What if your “tallness” was forced to go to war with “coquettish death”? What if your lover left you “lamenting”? What if someone “took” your happiness? In “The Sonnet-Ballard”, Gwendolyn Brooks uses a great variety of word diction, sentence syntax, and personification to emphasize the theme that, the impact of war changes everyone forever including the ones left behind. Brooks uses great deal of word diction or word choice much like the ones mentioned above in this poem. For instance, Brooks says, “They took my tallness off to war”. line2) Since she used the word “took”, it shows that he didn’t voluntarily go to war; he had no choice but to go. She also uses the word “tallness”, in which, she was talking about his pride. When you’re proud of something, you stand tall. He stood tall about going to war although he might not have wanted to go. She explains that he left her “lamenting”. (line3) That particular choice of word shows how bad she was grieving and mourning him being gone. Brooks also uses rhetorical questions as sentence syntax when she says, for example, “Oh mother, where is happiness? (Line1/14) Because her lover has been drafted to go to war, she’s knows she’s not going to see him again.
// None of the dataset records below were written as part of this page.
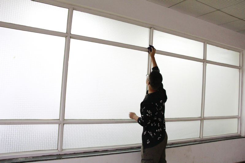图为学生正在擦窗户 摄影:陈爱媛
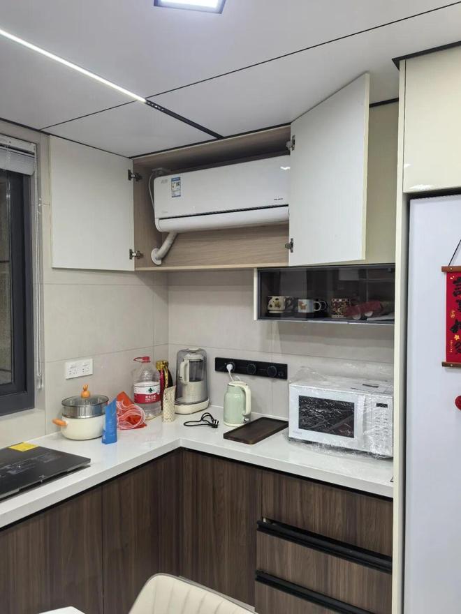 比如把它安装在吊柜里,用起时打开,不用时关闭。除了会占用点空间之外,一点问题都没有。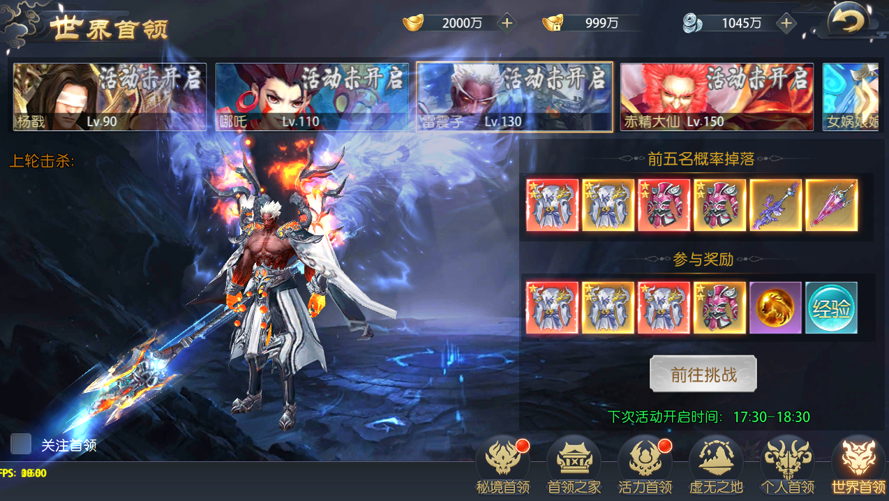 秘境首领、首领之家、活力首领、虚无之地、个人首领、世界首领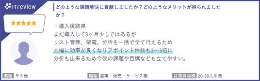 クラウド型アウトバウンド専用コールシステムです。発信リスト管理、ステータス・見込み管理、自動分析機能、プレディクティブコール(多回線同時発信機能)など、アポイントの獲得効率を底上げするために必要な機能が搭載されています。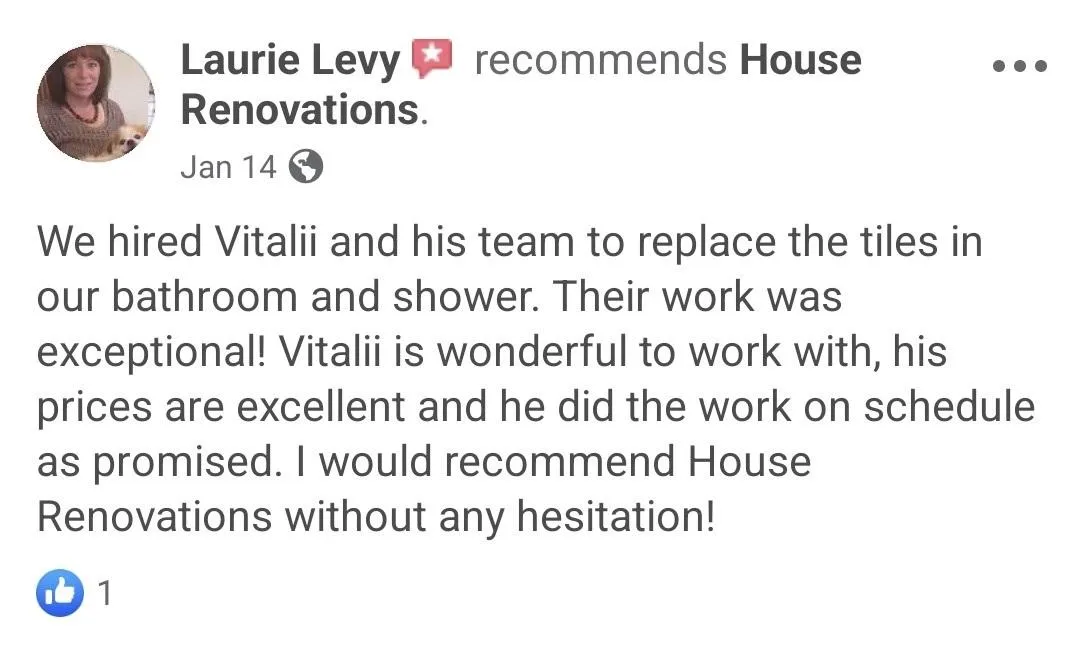 Working with Vitalii and his teem on my bathroom remodel was an absolute pleasure. Vitalii is a very knowledgeable and experienced contractor. Moreover, he is a very humble and kind person.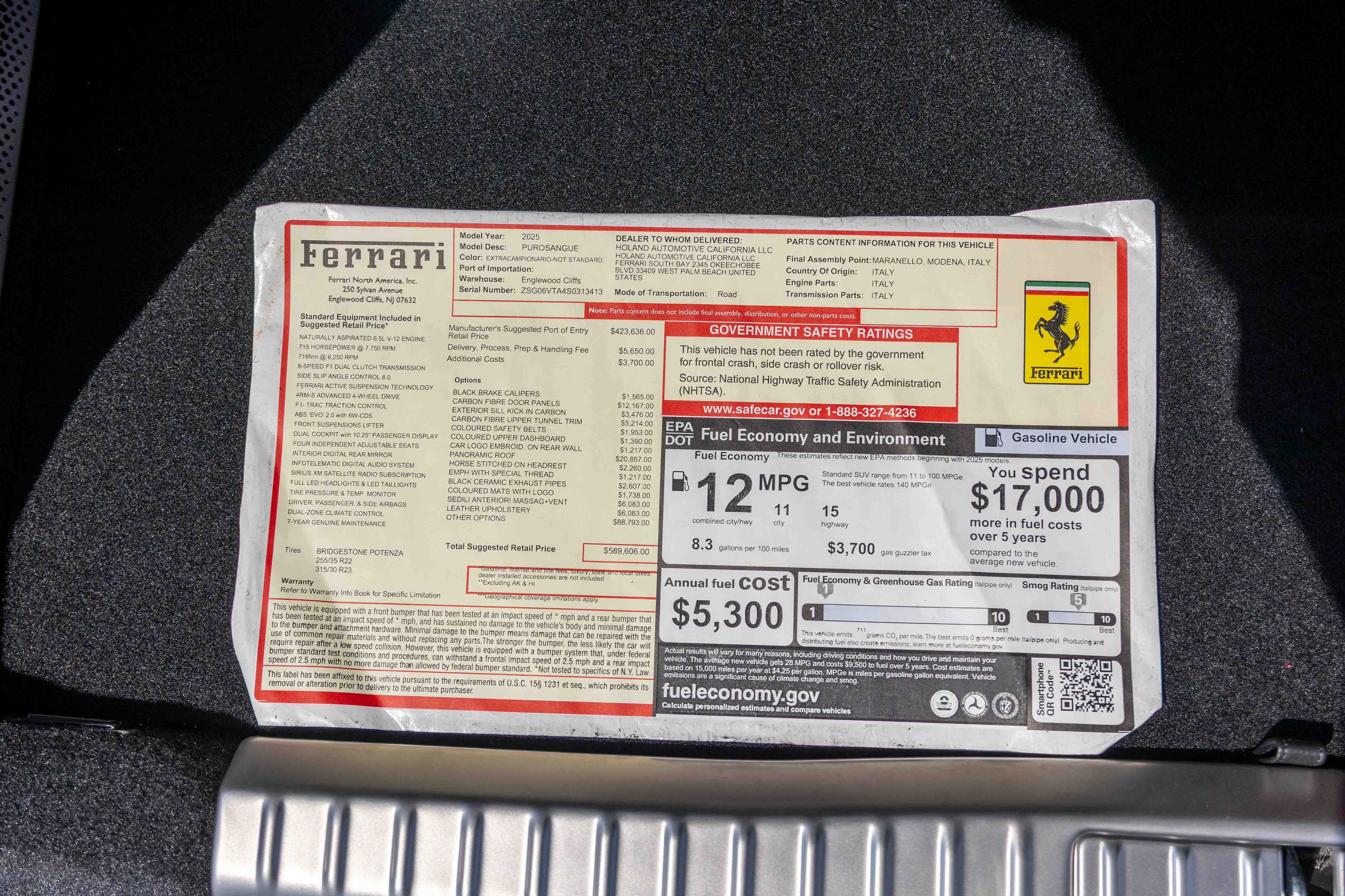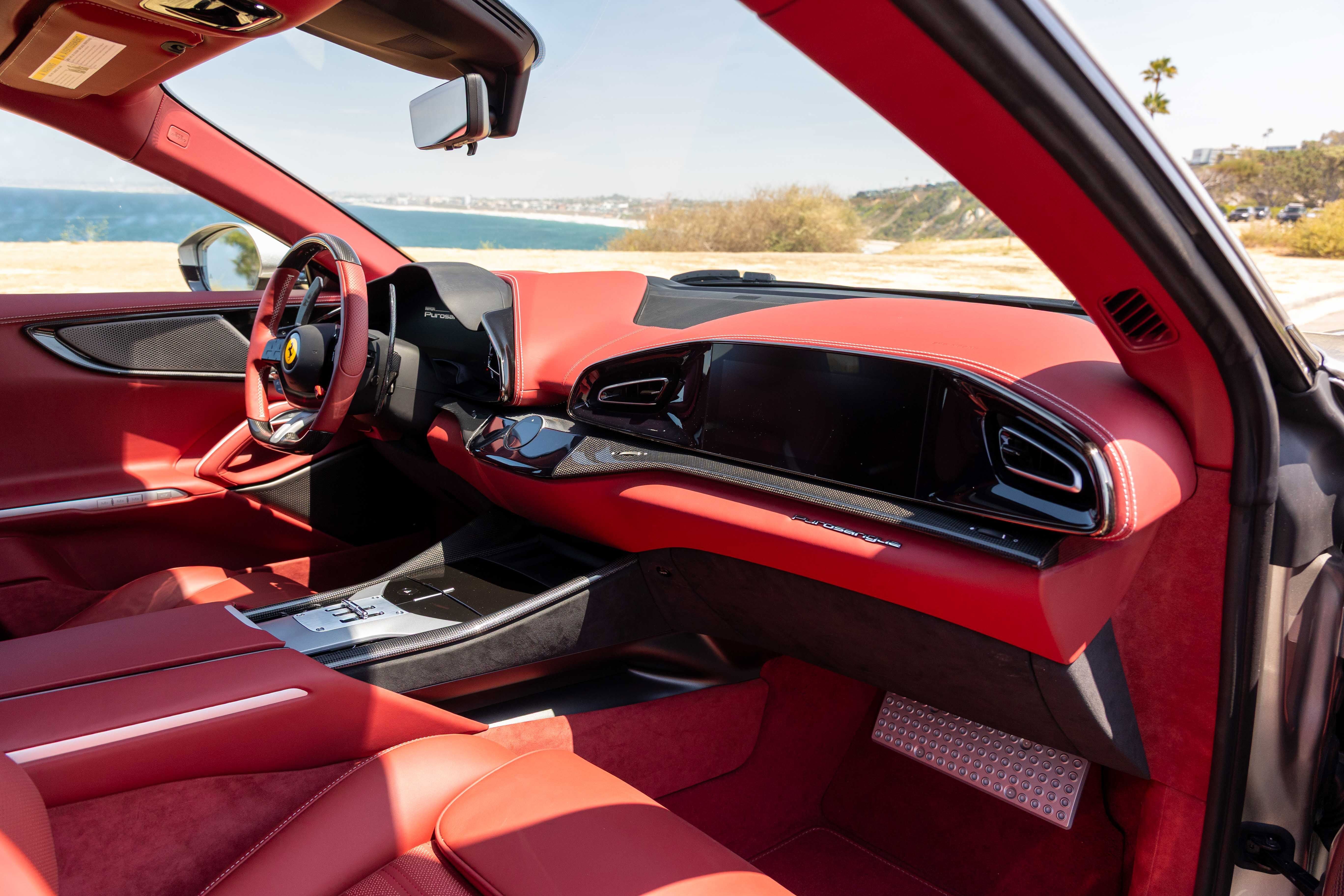 Ferrari South Bay is pleased to bring to market this one-owner Purosangue, finished in shimmering Aluminio Lucido, with Bordeaux Leather Interior, and loaded with a raft of desirable options and carbon fiber. Ferrari's new FUV is an amazing balance between cosseting, quiet luxury for four, and levels of incredible performance that astound in a vehicle of this type. Indeed, from the moment you fire up that V12, you'll understand why Ferrari do not consider the Purosangue to be an SUV (and neither will you): make no mistake, this FUV, propelled by 715hp worth of hand-built 6.5 Liter V12, will immediately reveal its sporting heritage in a major way the instant you ask for it. The exterior of this Purosangue is finished in shimmering Aluminio Lucido, a velvety silver with a very fine metal flake. Matte Black Glossy Forged Diamond Polished wheels are affixed with Titanium Wheel Studs to enormous Carbon Ceramic Brakes sporting Glossy Black Calipers. The exterior lower body trim is painted Glossy Black, Scuderia Ferrari Shields adorn the front fenders, and Black Tailpipe tips allow that glorious V12 to sing the song of its people. Inside, you'll find a cabin trimmed in luxurious Bordeaux, which extends to the Upper Passenger Compartment and Upper Dashboard. Silver Stitching is found throughout the cabin, including the Cavallinos embroidered on the headrests of the Fully Electric Seats which also feature Massage and Ventilation (Rear Seats, too!). Carbon Fiber finishes the Door Panels, Exterior Kick Panels, and Upper Center Console. The Steering Wheel is finished in Carbon Fiber and Bordeaux Leather, and features Ferrari's signature LED Shift Lights. An electrochromic Panoramic Roof adjusts cabin brightness during the daytime, allowing you to emphasize the natural open airy feel, or select to have a more private place to travel. The ripping-silk wail of its V12 may be addictive, but when traffic won't allow you to stretch its legs, there's Burmeister providing concert-quality audio via 21 speakers and 1,420 watts of power. While many driver's assistance features are standard on the Purosangue, this example is also fitted with Surround View cameras, Video Rearview Mirror, and Vehicle Lifter. This Purosangue is offered complete with both original keys, car cover, books, tools and battery tender. Ferrari's Original Factory Warranty is in place through December 30, 2027, while Ferrari's Genuine Maintenance Program handles annual services through December 30, 2031. Having passed Ferrari's rigorous 101-point CPO Checklist, this Purosangue is eligible for a 2-year Warranty Extension at time of purchase. If you'd like to find out more about this FUV's character, or visit our showroom to experience it for yourself, please reach out to our knowledgeable sales staff. Ferrari South Bay is proudly part of Holand Automotive Group, one of North America’s leading luxury automotive retailers. We offer nationwide shipping, trade-in opportunities, financing, client consignments, and world-class delivery service. Contact us today to explore ownership of this remarkable Ferrari. Please visit us at 23305 Hawthorne Blvd, Torrance, CA 90505, or call us at (888) 578-8767.

In that sense, she is saying he was her happiness and now that he’s gone, she doesn’t know where to find it. Another example of a rhetorical question used in this poem is when she says, “What can I use an empty heart-cup for. ” (line4) At this point, she doesn’t see a purpose in love or in her heart anymore. She’s helpless; no one can replace that empty filling in her heart but him.
Death is personified as a woman in this poem. Brooks states that, “my sweet love would have to be untrue. ” (line8) She’s claiming that he’s cheating on her with death. In this case, when Brooks says “… Would have to court Coquettish death” (lines9/10) she’s describing death as a flirty woman that’s stealing her man. Brooks states that going to war is like toying with death, risky, when she says, “whose impudent and strange Possessive arms and beauty (of a sort) can make a hard man hesitate–and change.
And he will be the one to stammer, “Yes. “” (Lines10-13) Death has a sort of beauty because when you die, there a possibility that you can go to heaven and heaven is known to be a beautiful place. Death is also rude, death doesn’t care that he already has a lover, because death wants him death’s not taking no for an answer. Basically, “The Sonnet-Ballard” by Gwendolyn Brooks was about war and death. However, perhaps more importantly, it is a closer look of the effects that these events have on the ones who are left behind.